# aquariumfish.net



## lorindaleigh1

I recently had a horrible experience with aquariumfish.net I'm posting it here so everyone can avoid going through this hassle.
On 1/29/09 I purchased 4 ADF's and 14 neon tetras and paid for overnight delivery. My order was shipped out on 2/3/09. When I recieved my order on 2/4/09 I opened up the box to find 4 dead neon tetras. They were shipped without any heating packs. Not only were my fish dead but my order was not complete. I was missing 10 tetras & 1 frog. I contacted them right away. I was told over the phone that they would immediatly refund me for the missing and dead fish. I told them that I wanted a replacement but they insisted on the refund. I asked to be refunded for shipping as well since the only reason why I ordered from them was to buy the tetras and take advantage of their bulk shipping price. They agreed. Today (2/5) I recieved a refund for the tetras and was told that I would not be recieved a refund for the shipping costs.
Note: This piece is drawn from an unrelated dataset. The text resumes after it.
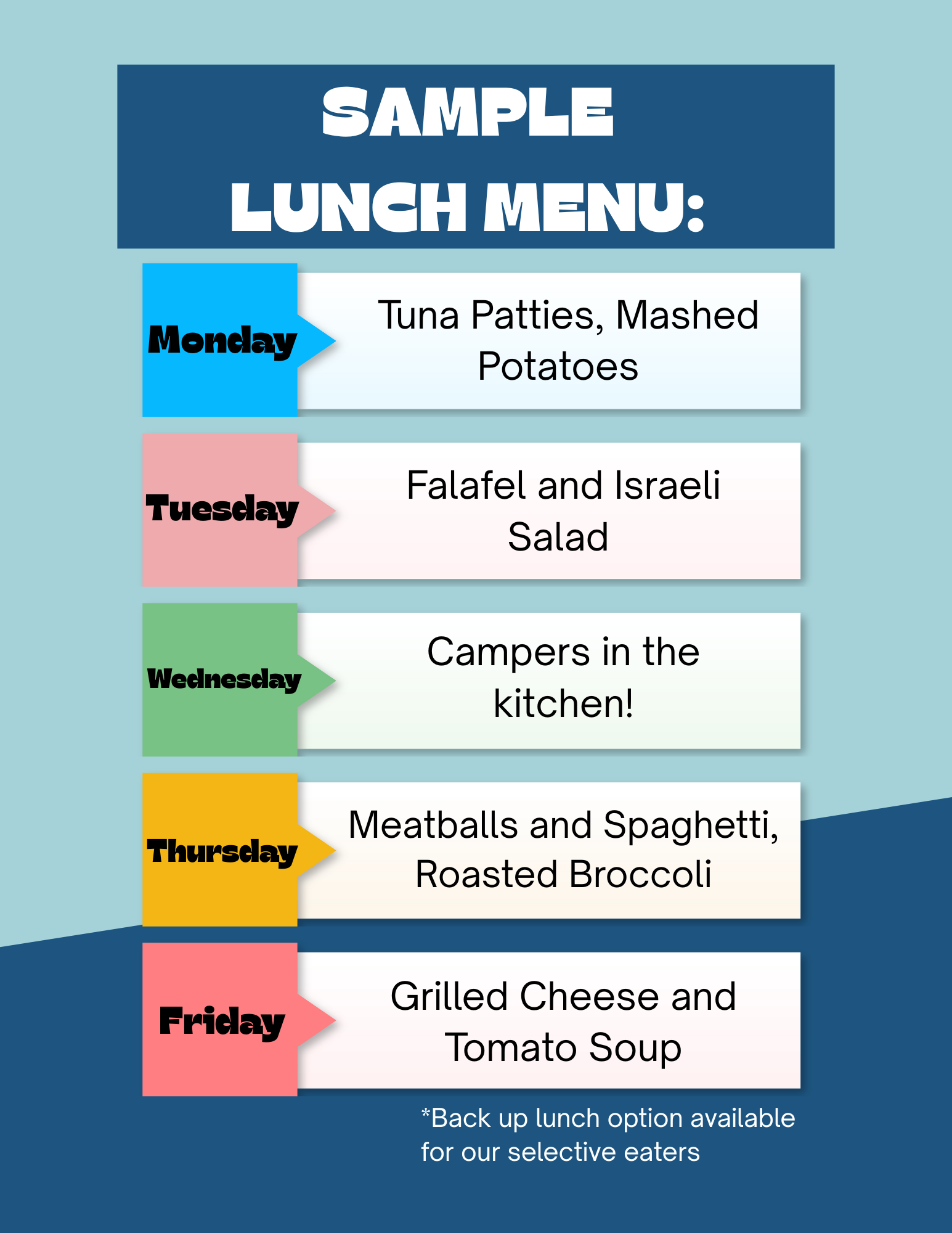 Camp Gan Izzy is committed to healthy eating and balanced meals. The food that is served is nourishing, fresh and hot. Children learn from a young age that healthy eating is important and we are proud to be part of this wonderful journey of healthy eating. Lunch has a variety of delicious veggies, protein and grains.

This is absolutly horrible! There is no way that I would have paid $25 shipping for just 3 frogs! When I told them that I would have to file a dispute wtih paypal they called me juevenille. I highly suggest that everyone avoid this company at all costs!

Here is a copy of their emails:
We have read your emails and we will issue a refund for the missing and DOA fish. The shipping charge was never negotiable.  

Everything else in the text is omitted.